# Stacked Auto Encoder

### Setup notebook

In [None]:
# Importing the libraries
import sys, os
import numpy as np
import pandas as pd
import torch
import torch.nn as nn
import torch.nn.parallel
import torch.optim as optim
import torch.utils.data
from torch.autograd import Variable
import torch.nn.functional as F

from mymods.lauthom import *

### Data

In [None]:
get_path('*/*', 'movies')
get_path('*/*', 'users')
get_path('*/*', 'ratings')

In [None]:
def read_file(filename, **kwargs):
    """Get file path and read file"""
    from pathlib import Path
    fpath = list(Path('../../').glob('*/*/' + str(filename)))[0]
    return pd.read_csv(fpath, **kwargs)

In [None]:
# Importing the dataset
movies = read_file('movies.dat', sep='::', header=None, encoding='latin-1', names=['id', 'movie', 'cat'])
users = read_file('users.dat', sep='::', header=None, encoding='latin-1', names=['id', 'sex', 'unk1', 'unk2', 'unk3'])
ratings = read_file('ratings.dat', sep='::', header=None, encoding='latin-1', names=['user_id', 'movie_id', 'rating' , 'unk'])

In [None]:
movies.sample(10)
users.sample(10)
ratings.sample(10)

In [None]:
movies.info()
users.info()
ratings.info()

### Train test sets

In [None]:
get_path('*/*', 'u1')

In [None]:
df_train = read_file('../../_data/ml-100k/u1.base', delimiter='\t', header=None, names=['user_id', 'movie_id', 'rating', 'unk'])
df_test = read_file('../../_data/ml-100k/u1.test', delimiter='\t', header=None, names=['user_id', 'movie_id', 'rating', 'unk'])

In [None]:
df_train['test'] = False
df_test['test'] = True

In [None]:
df = pd.concat([df_train, df_test])
df.sample(10)

In [None]:
df.info()

In [None]:
# example ratings for user = 1
user_id = 1
mask = df['user_id'] == user_id
trn = df.loc[mask, :]
trn.sample(10)

### Unique users and movies in both train and test set

In [None]:
users = set(df['user_id'])
movies = set(df['movie_id'])
nb_users, nb_movies = len(users), len(movies)
nb_users, nb_movies

In [None]:
# Prepare for pivot and split
df.loc[df['test']==False, 'user_id'] = df.loc[df['test']==False, 'user_id'].values + 99000

# Pivot for RBM model
pv = df.pivot(index='user_id', columns='movie_id', values='rating')

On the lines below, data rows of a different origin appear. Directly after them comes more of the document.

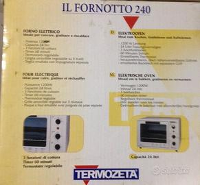 Come da titolo, vendo forno elettrico Termozeta(Fornotto 240). Potenza 1200 w Capacità 24 litri Termostato regolabile 3 funzioni di cottura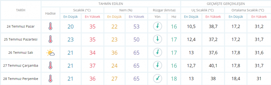 5 Günlük hava durumu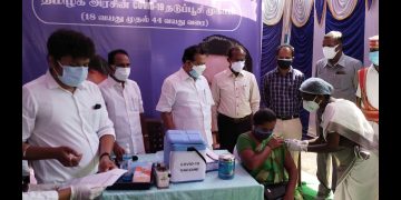 District 18 முதல் 44 வயது உட்பட்டவர்களுக்கு குருநாத் தடுப்பூசி செலுத்தும் சிறப்பு முகாமினை உயர்கல்வித்துறை அமைச்சர் முனைவர் க.பொன்முடி துவக்கி வைத்தார் . May 26, 2021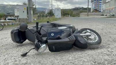 Motosiklet mucurlu yolda devrildi: Kaza anı kamerada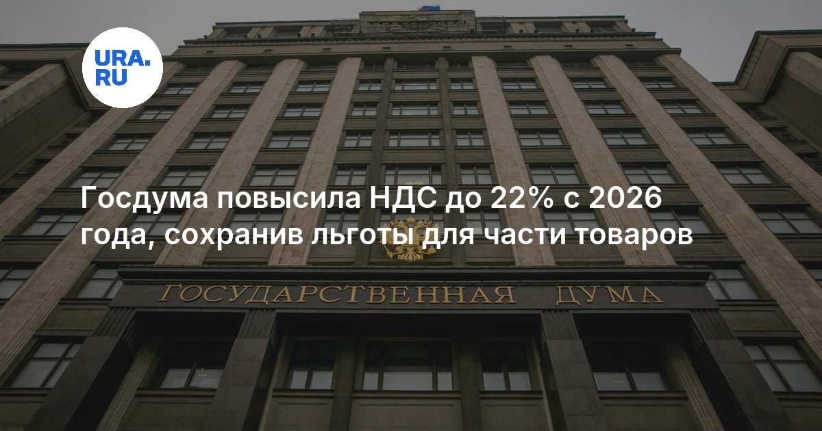 Госдума повысила НДС до 22% с 2026 года, сохранив льготы для части товаров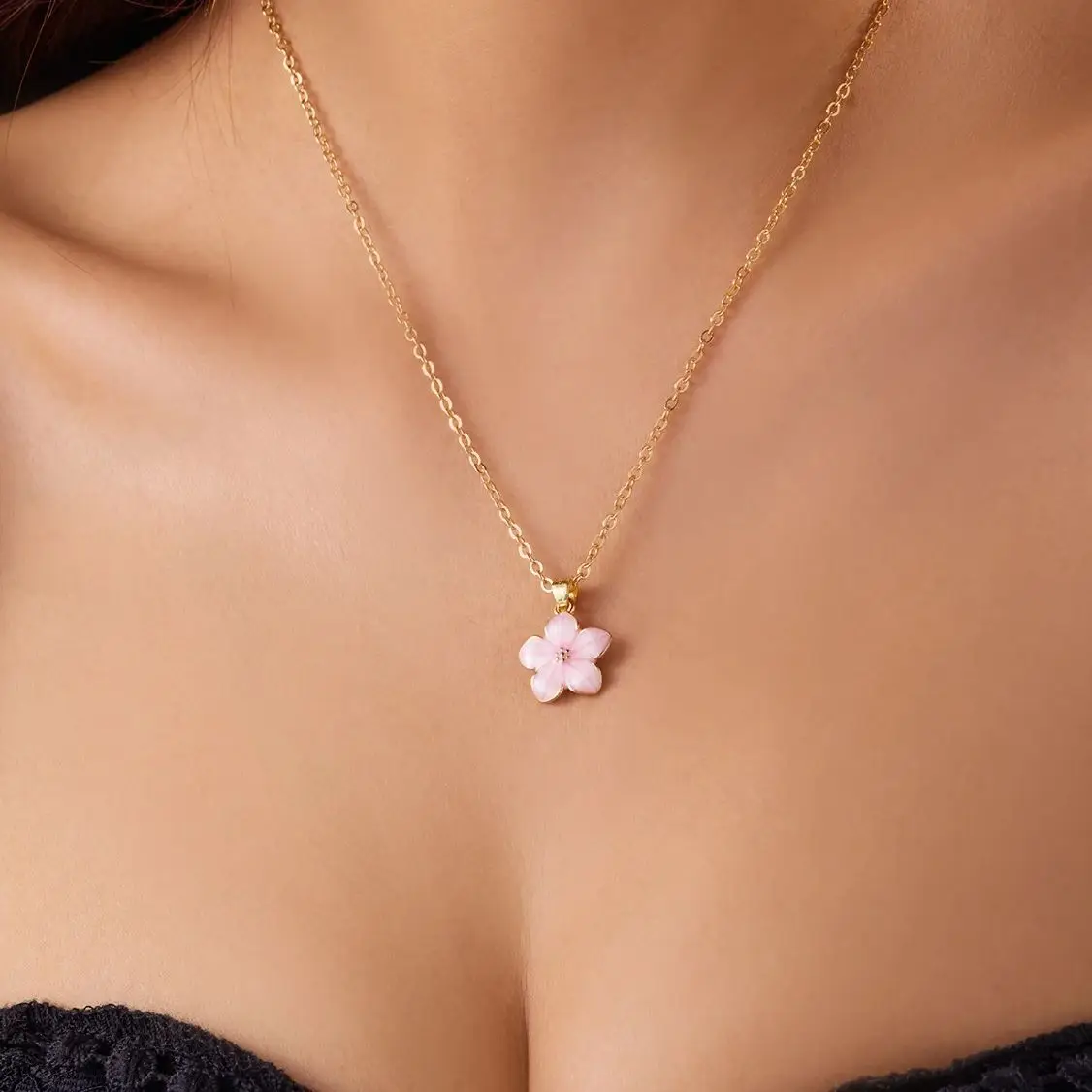 Minimalist Colorful Flower Necklace for Women Romantic Pink Cherry Pendant Necklace Make a Wish Paper Card Friendship Jewelry

# Change rating: negative/positive:
# nan: -1, 1-2: 0, 3-5: 1
mask_null = pv.isnull()
mask_3 = pv>=3

pv[mask_3] = 1
pv[~mask_3] = 0
pv[mask_null] = -1

# Split train test
pv_train = pv.loc[pv.index > 99000, :]
pv_train.index = pv_train.index - 99000
pv_test = pv.loc[pv.index < 99000, :]

pv_train.sample(10)
pv_test.sample(10)

In [None]:
pv_train.info()
pv_test.info()

In [None]:
np_train = np.array(pv_train, dtype='int')
np_test = np.array(pv_test, dtype='int')

np_train.shape
np_test.shape

#### Sanity check np.array & rating

In [None]:
print('rank train:', 'nan', sum(sum(np_train == -1)))
print('rank test:', 'nan', sum(sum(np_train == -1)))
    
for r in range(6):
    print('rank train:', r, sum(sum(np_train == r)))
    print('rank test:', r, sum(sum(np_train == r)))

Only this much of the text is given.